阿金霍夫悄悄望着齐楚雄手中的相片,当他看到挂在一家三口脸上那种幸福的笑容时,他的心又一次被深深地刺痛了。
“格里高利·伊万诺维奇,如果您重新获得了自由,您要做的第一件事情是什么呢?”齐楚雄突然抛出了一个问题。
“我……我不知道……”阿金霍夫低着头,轻轻踢着脚下的小石子,“或许找个没人的角落,等待着死神的召唤吧。”
“为什么要这样说呢?”齐楚雄说,“难道您不想见到自己的女儿吗?”
“女儿!我的莎莎……”阿金霍夫的身躯如遭雷击一般摇摇欲坠,“不……她早就死了……我在这个世界上已经没有任何亲人了……”
“不,亲爱的格里高利·伊万诺维奇。
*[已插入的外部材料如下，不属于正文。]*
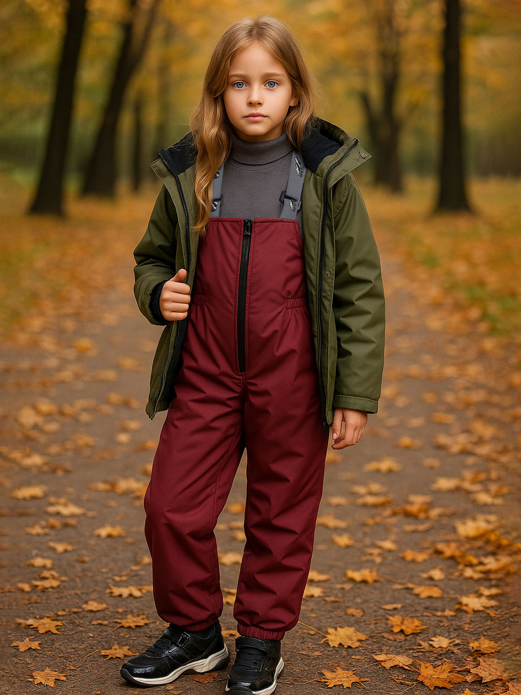 Демисезонный полукомбинезон понравится носить девочке на улице в холодную погоду. Модель выпускается из ветро- и влагозащитной мембраны с утеплителем тинсулейном внутри. В верхней части подклада использован тёплый флис, в нижней – таффета. Изделие имеет регулируемые лямки и резинку в зоне поясницы. Низ штанин посажен на резинку.

”齐楚雄温暖的手搭在了他的肩头,“你在这个世界上并不孤单,因为你还有很多亲人,我、弗拉基米尔·米哈伊洛维奇、弗兰克、约翰、还有爱伯斯塔克父子、提比莉亚、埃里克……我们都是你的亲人,无论在任何情况下,我们的心都始终连在一起,当你欢乐时,我们共同分享你的喜悦;当你悲伤时,我们一起排解你的忧愁,或许我们头顶上看不到温暖的太阳,但是请你记住,只要我们携起手来一起努力,那么早晚有一天我们就可以回到幸福的生活里,而我始终坚信那一天不会太远。”
阿金霍夫注意到了齐楚雄现在对他使用的称呼是更为亲密的“你”,他不由死死咬住自己的嘴唇,努力不让齐楚雄发现自己的自责和痛苦,“我该怎么办?”他痛苦的问着自己,可是命运从来不会提前告诉人们答案,所有的一切都要靠他自己去解开。
“齐医生,”他强迫自己问道:“弗拉基米尔·米哈伊洛维奇不久前不是说过他的上级目前还不能和您见面吗,他怎么又突然改变了主意呢?”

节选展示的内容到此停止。